Чонгук мягко оттолкнул её руки, сел на диване и уставился в окно, за которым даже звезд не видно. Звезды вообще пропали разом отовсюду.

Ещё несколько недель назад Чонгук и думать бы не стал о малознакомом человеке, его потребностях или особенностях. А уж тем более о том, как человек, практически чужой, себя украшает, чтобы выделиться. Бред. Не интересно. Плевать. Но в один миг, недолгое время назад, он зацепился таки за человека и его искусственные звезды, как проклятый последними остатками души цепляется за нечто прекрасное.

Спасибо отцу за чудное детство, в котором было больше борьбы, чем сказки. Теперь Чонгук в вечном поиске самоконтроля, в вечном поиске лекарства для исцеления внутреннего ребенка. Возможно, он нашел лекарство, но теперь сомневался, имеет ли право его использовать.

Чон взял сидящую на корточках Ынли за подбородок:

— Я связал себя по рукам и ногам. Закрыл рот и уши, чтоб лишний раз не дергаться. Я обездвижен. Дам волю эмоциям — приду туда, откуда начал.

— Ты говоришь ужасные вещи, Чонгуки.

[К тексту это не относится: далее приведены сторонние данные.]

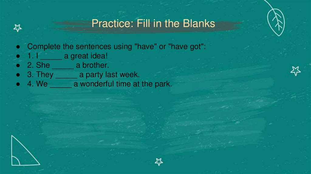 Practice: Fill in the BlanksComplete the sentences using "have" or "have got":
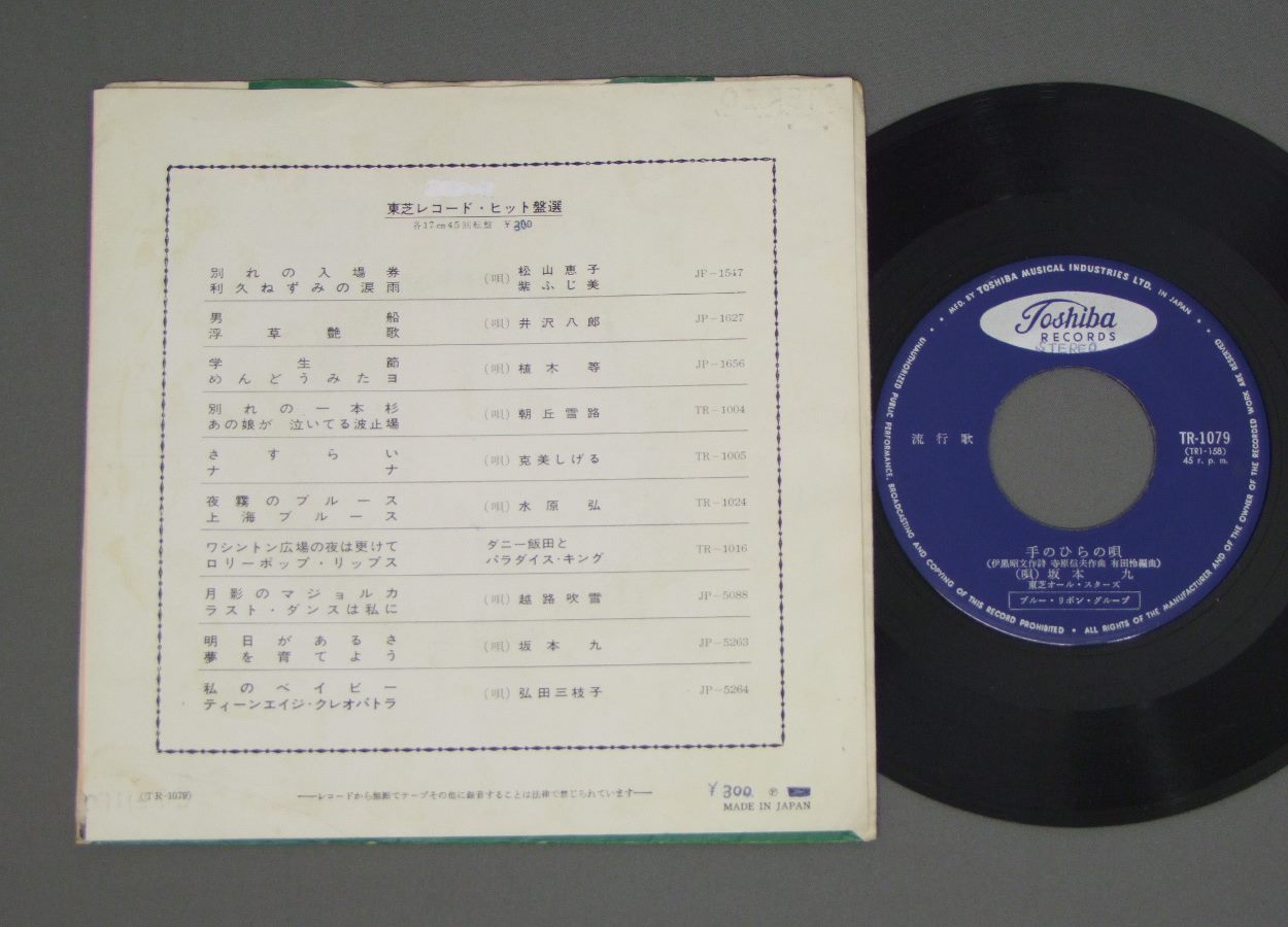 坂本九/幸せなら手をたたこう TR1079 製造国:日本盤 / Media:7inch外観:VG盤の状態:EX- 価格(税込):¥524(売約済) 送料 7inch:定形外郵便 360円~LP:定形外郵便 660円~送料は、注文の最終画面で確認頂けます。 > > / 外観 (VG)特記事項:表ジャケは日焼け退色感結構あり。表裏見開きにホワイトでの着色有り。裏ジャケに右上角にホッチキス穴。外観VGの共通説明:ダメージが見るからに多い。 盤の状態 (EX-)特記事項:薄いスリキズ・細かい表面スレ多少ある感じ。殆どが軽微なものの様子です。盤EX-の共通説明:盤面のスリキズが多少有り。音に出そうなものは殆ど無いように見える~さほど気にならないぐらいの軽いプチ数カ所程度。 Tweet それぞれの画像をクリックすると、大きい写真が見られます こちらの商品もお勧めです 1,210円 KEIICHIRO AKAGI赤木圭一郎 / EIEN-NO-TONY永遠のトニー 赤木圭一郎絶唱集 770円 HIBARI MISORA美空ひばり / 1932-35芸能生活30周年記念 歌謡曲50年 第2集 ( 昭和7- 10年) 1,210円 高峰秀子-橋幸夫 他 / 続 日本流行歌史 770円 MIEKO TAKAMINE高峰三枝子 / SONG ALBUM高峰三枝子 歌のアルバム 880円 YUKIO HASHI橋幸夫 / FROM ITAKOGASA TO MUHYO黄金の声/潮来笠から霧氷まで 1,320円 藤山一郎 - 美空ひばり - 高峰三枝子 - 織井茂子 他 / ベスト20 特選-映画主題歌集 (2) 880円 村田英雄-青山和子-安達明 他 / コロムビア歌のハイライト (第五集) 660円 AKIRA MATSUDAIRA松平晃 / CIRCUS SONG懐かしの針音 松平晃 サーカスの唄

Отпусти! — она мотнула головой, встала и теперь смотрела сверху вниз. — У тебя проблема только с негативными эмоциями, а Чимин дарит позитивные. Что в этом плохого?

— Ты даже не знаешь, о чем говоришь, девчонка. Ты либо не выражаешь эмоций вообще, либо все сразу.

— Ты драматизируешь, — в голосе Ынли появилась твердость. Странно, что не топнула ногой, как часто делала в детстве. — Ничего бы не случилось.

— Да-а? — Чонгук медленно поднялся и подошел вплотную. — Я чуть не убил человека, потому что был вне себя от ярости. Я до сих пор не справился с этим. Лучшая партия для Чимина, не так ли? Не будь дурой.

— Ты посмотри на себя со стороны, — Ынли ткнула пальцем в грудь Чона. — Заботишься о нём, слушаешь его. И это твоё «звездочка»! Что это было? Это так ты его оттолкнуть пытаешься? Ты просто трус, Чон Чонгук! Я знаю тебя много лет, я на себе это испытала. Ты боишься, что Чимин не разглядит в тебе то, что ты можешь ему предложить, а вместо этого в один прекрасный день поймет, что перед ним психопат.

— Нет, — Чонгук смотрел, не моргая, — я боюсь, что в один прекрасный день то дерьмо, что сидит во мне, обрушится на него.

— О-о-о, — протянула девушка с усмешкой. — Я всё видела. На твоей доске ярости лампочки перегорают, когда звездочка рядом. Он же неспроста тебе понравился. Ты, как пёс, ринулся его охранять от бед и напастей. Гавкни, если согласен.

— Бред несёшь.

— Ты сам мне сказал, что в первый же день сел рядом с Чимином, — Ынли сделала шаг назад. Меж нахмуренных бровей пролегла складка.

— Он мне кое-что напомнил. Но я не притворялся рядом с ним, он всё видел. Я даже подумать не мог…

— Что Чимин на тебя западет, несмотря на твой отвратный характер, — Ынли склонила голову к плечу. — Он не ищет легких путей, да?

— Я поэтому попросил тебя сказать ему, что мы встречаемся. Надеялся, что он перегорит, — Чон рухнул на диван и схватился за волосы. — Хочу закрыть его в своей квартире.

Ынли быстро закивала и опустилась на колени.

— Я понимаю, о чем ты говоришь, Чонгуки. Но мне кажется, ты что-то упускаешь. Ты ходишь к докторам, чтобы узнать себя, но, видимо, Чимин знает о тебе больше тебя самого. И наоборот. Почему людям так сложно порой взять и поговорить?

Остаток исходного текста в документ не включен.